### EXERCISE BRIEF
Your reply should reproduce all the data below exactly while excluding the pictures.

### SOURCE MATERIAL
+===+
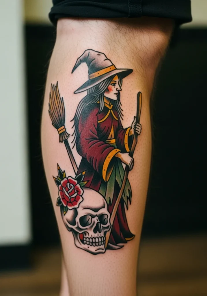 This leg tattoo shows a standing witch in a maroon robe holding her broom beside a skull decorated with a bright red rose. The bold black outlines, deep shading, and golden highlights make the design pop beautifully on the skin. It s a medium-sized piece that feels perfectly balanced between dark and elegant, showing off the traditional tattoo style with solid color blocks and clean linework.
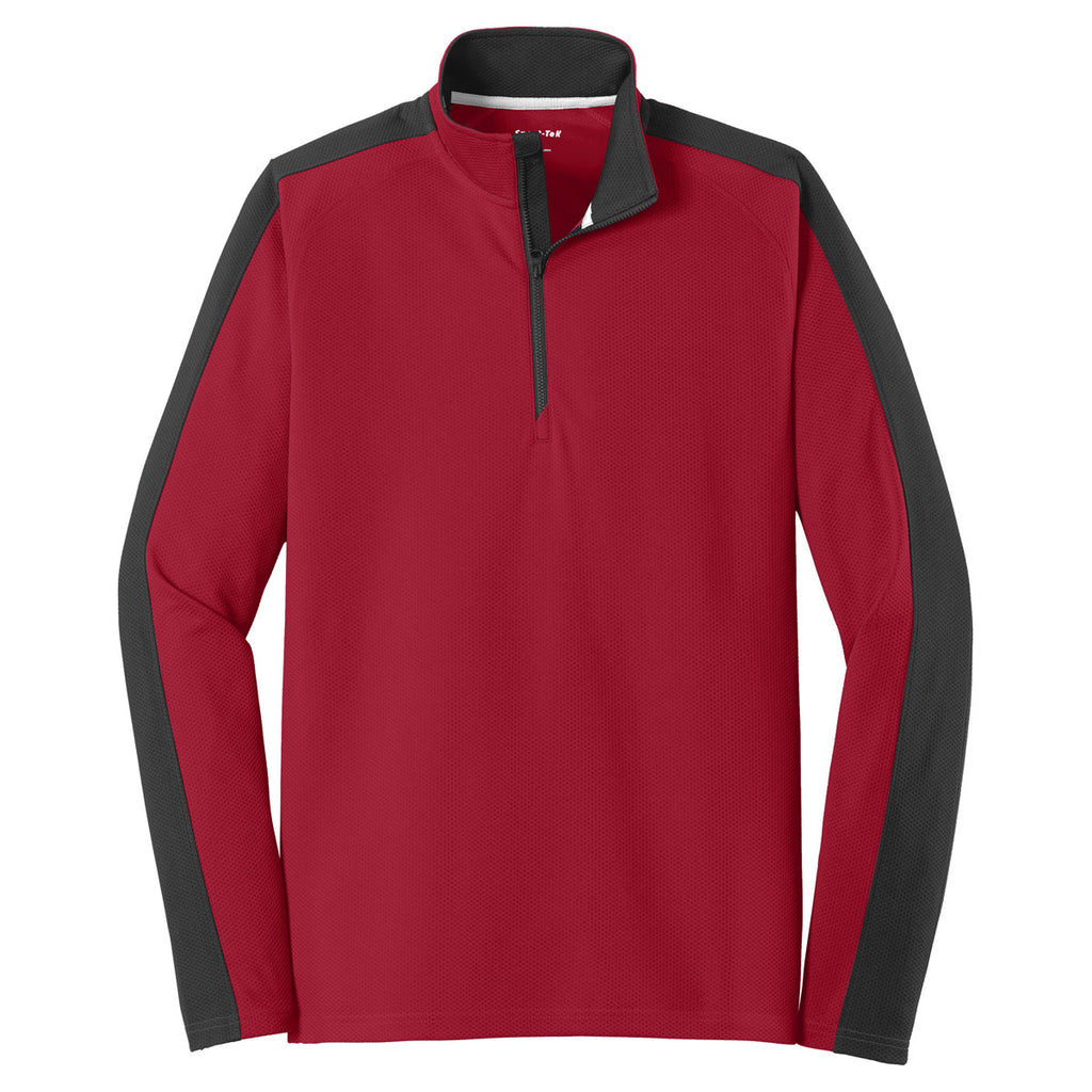When you want to make a fashion statement at work or after work hours during a night on the town, you can't go wrong by wearing the Sport-Tek Men's Deep Red/Black Sport-Wick Textured Colorblock 1/4-Zip Pullover. Designed with 100% polyester, the pullover quickly removes perspiration to cool the skin. The stylish cadet collar works in fashion harmony with the taped neck to present a dignified, yet casual appearance. Contrast stripe raglan sleeves give the pullover a sporty look. The large imprint area on the pullover makes the perfect spot to add a custom logo that promotes your company.Highlights
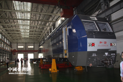 中國和平統一促進會赴湘考察團走進南車株洲電力機車有限公司的生產車間。圖為南車株洲電力機車有限公司生產的和諧號動車。(中國臺灣網 王君飛 攝)
+===+
### RESPONSE FOR THIS EXERCISE
 This leg tattoo shows a standing witch in a maroon robe holding her broom beside a skull decorated with a bright red rose. The bold black outlines, deep shading, and golden highlights make the design pop beautifully on the skin. It s a medium-sized piece that feels perfectly balanced between dark and elegant, showing off the traditional tattoo style with solid color blocks and clean linework.
When you want to make a fashion statement at work or after work hours during a night on the town, you can't go wrong by wearing the Sport-Tek Men's Deep Red/Black Sport-Wick Textured Colorblock 1/4-Zip Pullover. Designed with 100% polyester, the pullover quickly removes perspiration to cool the skin. The stylish cadet collar works in fashion harmony with the taped neck to present a dignified, yet casual appearance. Contrast stripe raglan sleeves give the pullover a sporty look. The large imprint area on the pullover makes the perfect spot to add a custom logo that promotes your company.Highlights
 中國和平統一促進會赴湘考察團走進南車株洲電力機車有限公司的生產車間。圖為南車株洲電力機車有限公司生產的和諧號動車。(中國臺灣網 王君飛 攝)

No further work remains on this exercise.